Premium
An Integrative Segmentation Method for Detecting Germline Copy Number Variations in SNP Arrays
Author(s) -
Shi Jianxin,
Li Peng
Publication year - 2012
Publication title -
genetic epidemiology
Language(s) - English
Resource type - Journals
SCImago Journal Rank - 1.301
H-Index - 98
eISSN - 1098-2272
pISSN - 0741-0395
DOI - 10.1002/gepi.21631
Subject(s) - international hapmap project , copy number variation , hidden markov model , biology , single nucleotide polymorphism , genetics , genotyping , computational biology , structural variation , 1000 genomes project , segmentation , snp genotyping , snp , genome , computer science , artificial intelligence , gene , genotype
Germline copy number variations (CNVs) are a major source of genetic variation in humans.
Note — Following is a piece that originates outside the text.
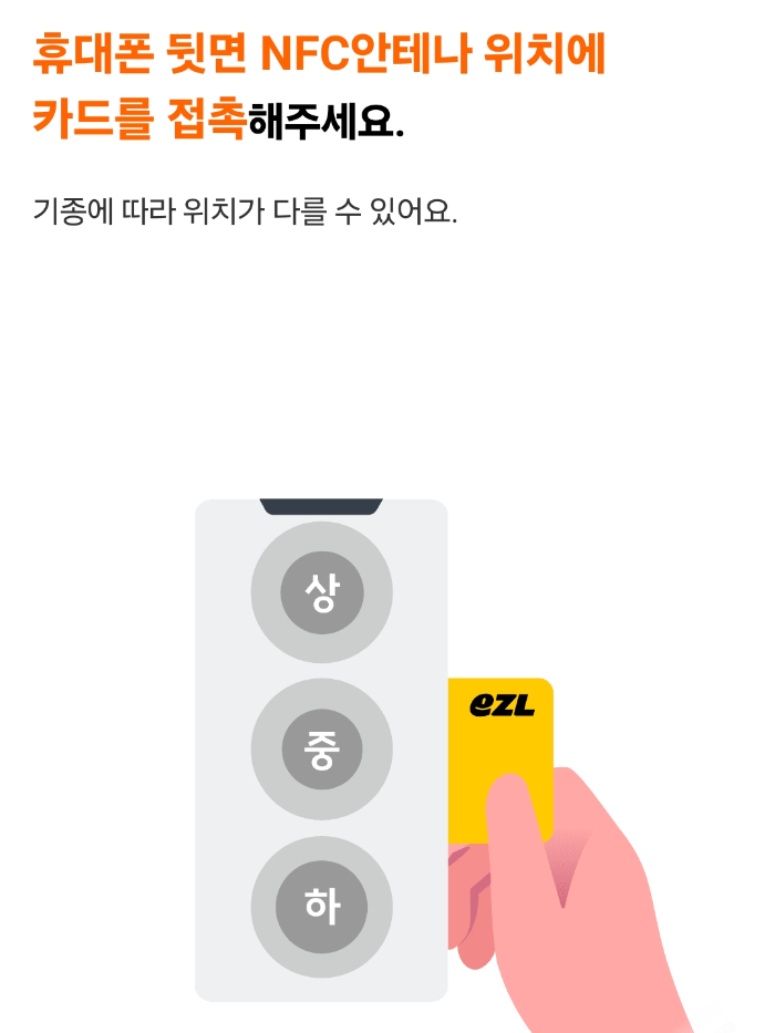 (휴대폰 기기마다 NFC 접촉 위치가 다를 수 있다고 함. 폰 중앙에 카드 놓았더니 인식했음.)

In large‐scale studies of complex diseases, CNVs are usually detected from data generated by single nucleotide polymorphism (SNP) genotyping arrays. In this paper, we develop an integrative segmentation method, SegCNV, for detecting CNVs integrating both log R ratio (LRR) and B allele frequency (BAF). Based on simulation studies, SegCNV had modestly better power to detect deletions and substantially better power to detect duplications compared with circular binary segmentation (CBS) that relies purely on LRRs; and it had better power to detect deletions and a comparable performance to detect duplications compared with PennCNV and QuantiSNP. In two Hapmap subjects with deep sequence data available as a gold standard, SegCNV detected more true short deletions than PennCNV and QuantiSNP. For 21 short duplications validated experimentally in the AGRE dataset, SegCNV, QuantiSNP, and PennCNV detected all of them while CBS detected only three. SegCNV is much faster than the HMM‐based (where HMM is hidden Markov model) methods, taking only several seconds to analyze genome‐wide data for one subject. Genet. Epidemiol. 36:373–383, 2012. © 2012 Wiley Periodicals, Inc.